Nah, persoalannya adalah perspektif mana yang akan dipilih pemerintah. Pilihan ini akan sangat menentukan kebijakan yang akan diambil. Kalau pemerintah sudah menempatkan pro-job, pro-growth, pro-poor, dan pro-environment sebagai motonya, tentu perspektif kedua yang lebih tepat. Oleh karena itu, perlu desain besar industrialisasi perikanan sehingga langkah-langkah industrialisasi merupakan upaya sistematis memajukan sektor ini secara komprehensif (produksi primer, pengolahan, perdagangan, pengelolaan sumber daya, dan pengembangan sumber daya manusia serta teknologi) melalui tahapan jangka pendek, menengah, dan panjang yang terukur. Ini termasuk posisi kawasan pedesaan pesisir dalam desain industrialisasi.

Impor Ikan

Perspektif baru ini mensyaratkan bahwa nilai tambah juga harus dinikmati para pelaku hulu sehingga upayanya adalah memaksimalkan bahan baku industri dari sumber daya lokal. Berkaitan dengan rencana jangka pendek pemerintah untuk membuka keran impor, beberapa hal perlu diperhatikan. Pertama, secara obyektif perlu dipetakan berapa kebutuhan industri, berapa kemampuan suplai di berbagai wilayah, dan berapa kebutuhan impor. Yang kritis memang angka produksi. Bisa saja produksi melimpah di suatu tempat, tetapi langka di daerah lain.

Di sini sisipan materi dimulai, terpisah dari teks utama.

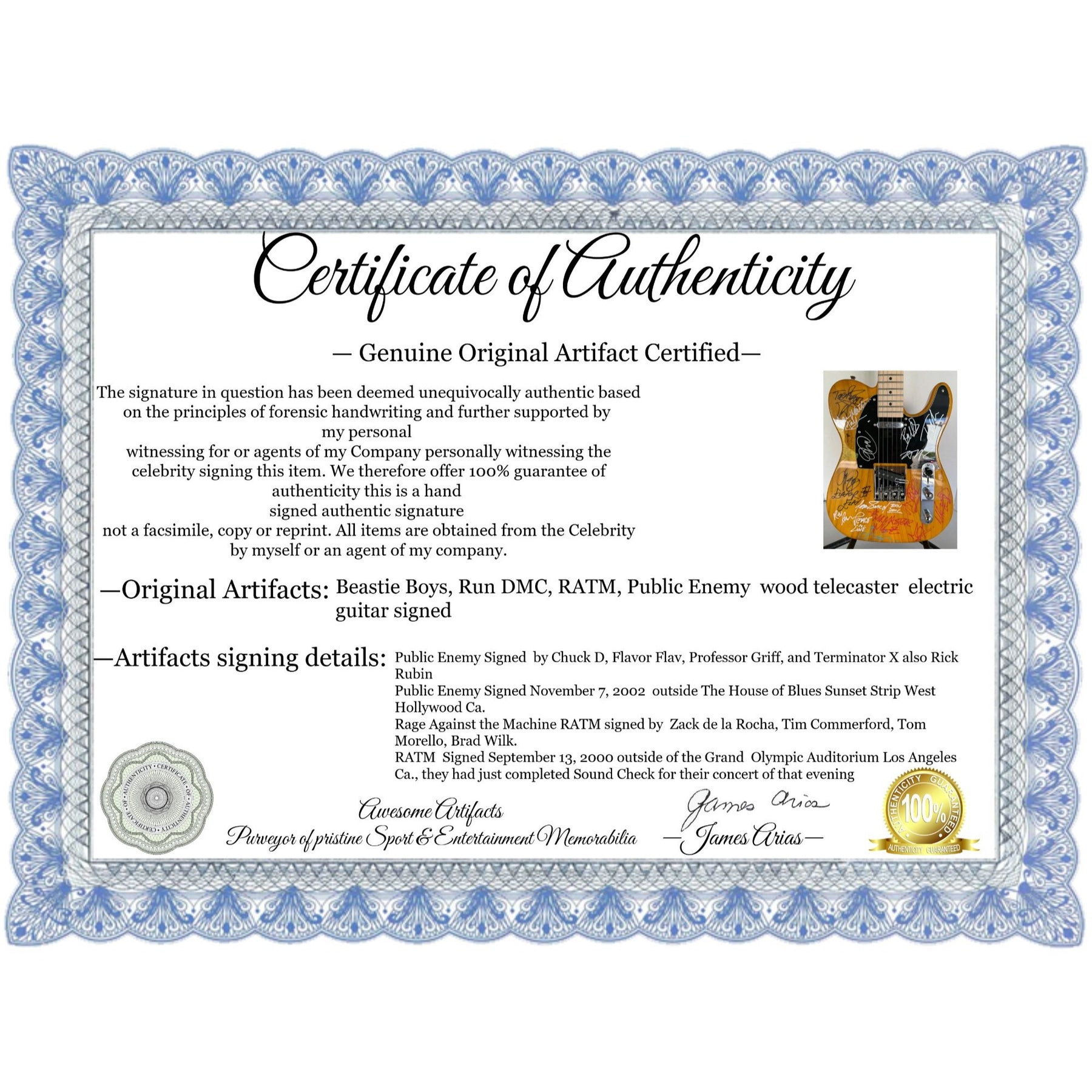 Beastie Boys, Run DMC, RATM, Public Enemy  wood telecaster  electric guitar signed with proof $5,995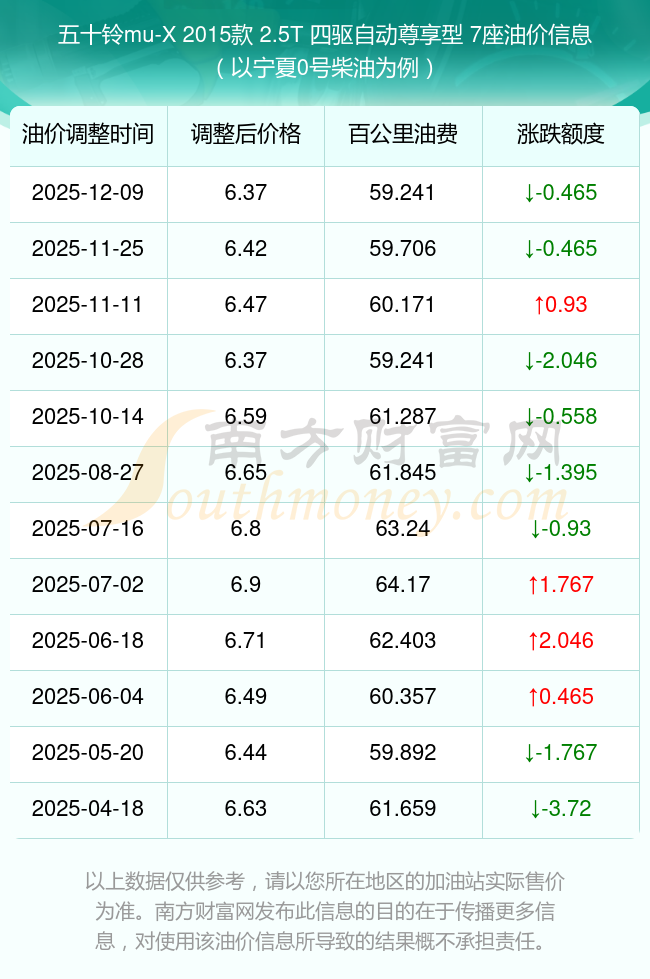 依照12月9日0號柴油最新調整價格6.37元/升來計算(以寧夏為例),該車型百公里的平均油費是59.241元,依照上一輪11月25日調整價格6.42元/升來計算,百公里的平均油費是59.706元,對比上一輪少花0.465元,下一輪的油價調整時間12月22日24時。

Ini bermasalah karena distribusi keberadaan unit pengolahan ikan (UPI) tak merata, bahkan masih terkonsentrasi di Jawa. Jadi, agendanya adalah bagaimana menciptakan sistem informasi produksi dan pasar perikanan lintas wilayah yang mampu mendeteksi produksi serta kebutuhan pasar setiap wilayah dengan tepat. Perlu dicatat, data produksi selama ini belum akurat karena sedikit sekali institusi tempat pelelangan ikan (TPI) di daerah yang berfungsi, padahal TPI adalah salah satu sumber data produksi terbaik.

Kedua, secara ekonomi-politik harus dipahami impor tidaklah netral sekadar hitung-hitungan ekonomi langka atau tidaknya bahan baku, tetapi ternyata bisa sarat kepentingan para importir. Ini terbukti dengan adanya penyalahgunaan izin oleh pengusaha sehingga bocor ke pasar lokal (Kompas, 6/12/2011). Ini gambaran bahwa ruang perdagangan kita tak hampa permainan, tetapi juga ada kepentingan perburuan rente. Pemerintah mesti jeli melihat masalah ini dan pada saat yang sama memperkuat sistem pengawasan.

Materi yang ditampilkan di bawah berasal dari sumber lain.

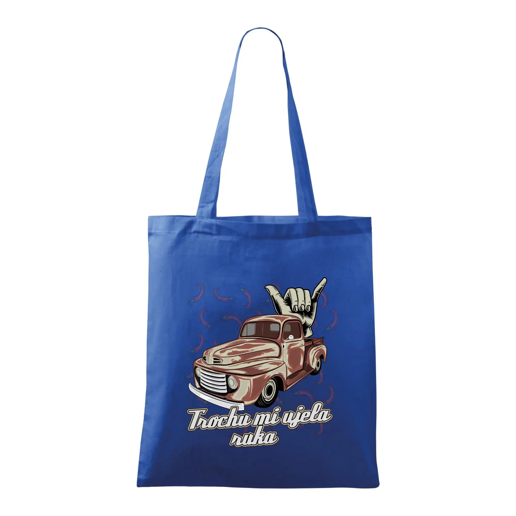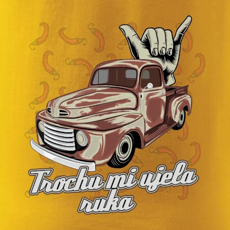 Vtipné tričko pre kuchára s nápisom "Trochu mi ušla ruka" s chilli papričkami. Pálivé papričky sa musia pridávať opatrne, niekedy sa to ale nepodarí a je ich v jedle toľko, že by to naštartovalo aj auto.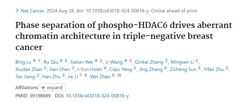 标题:Phase separation of phospho-HDAC6 drives aberrant chromatin architecture in triple-negative breast cancer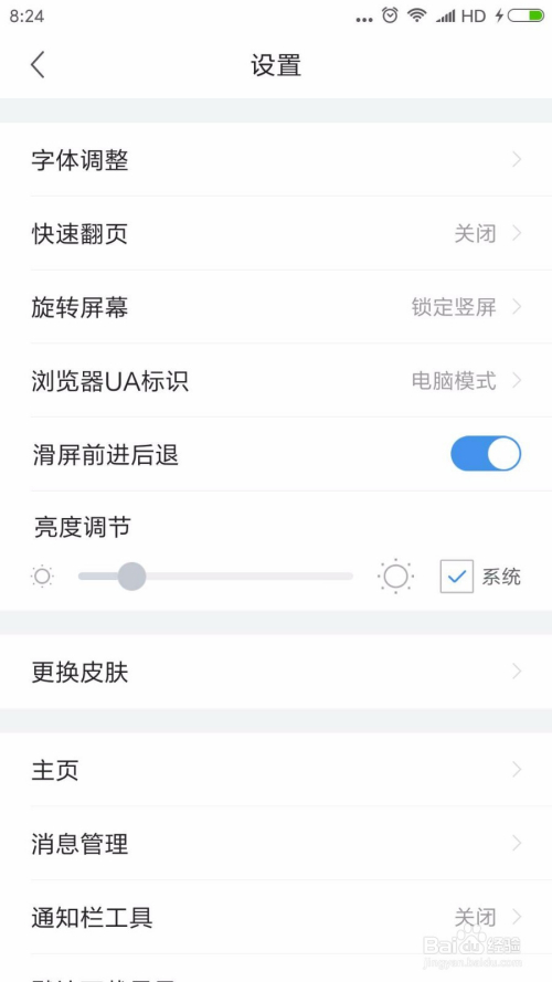 在设置界面,我们可以对浏览器进行参数设置,我们标的目的下拉,找到并点击“动静办理”。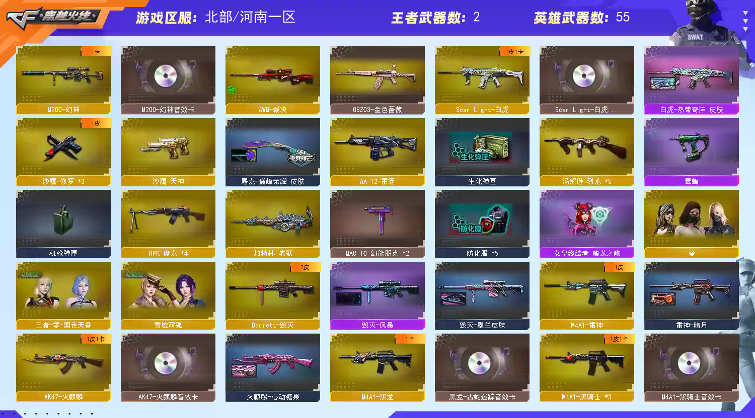 首页 > 租号大厅 > 穿越火线 > 北部/河南一区 > 幻神➕音卡白虎三件套火麒麟三件套4盘6烈炼狱毒蜂

Perlu dikaji mendalam rencana pemerintah mengimpor ikan. Efek psikologis nelayan akibat impor pun perlu diperhatikan. Pada saat yang sama, insentif peningkatan produksi harus didorong sehingga nelayan dan pembudidaya kembali bergairah. Ini juga diiringi pengembangan gudang-gudang penyimpanan ikan di daerah dan efisiensi pengangkutan untuk atasi ketimpangan produksi antarwilayah. Begitu pula perlu dikembangkan UPI di sentra-sentra produksi perikanan di wilayah timur Indonesia dengan pendekatan kawasan. Semua itu perlu desain industrialisasi kuat dan dukungan lintas sektor sehingga industrialisasi perikanan yang terbangun sangat kokoh dan dapat benar-benar menjadi pilar kemajuan bangsa bahari kita.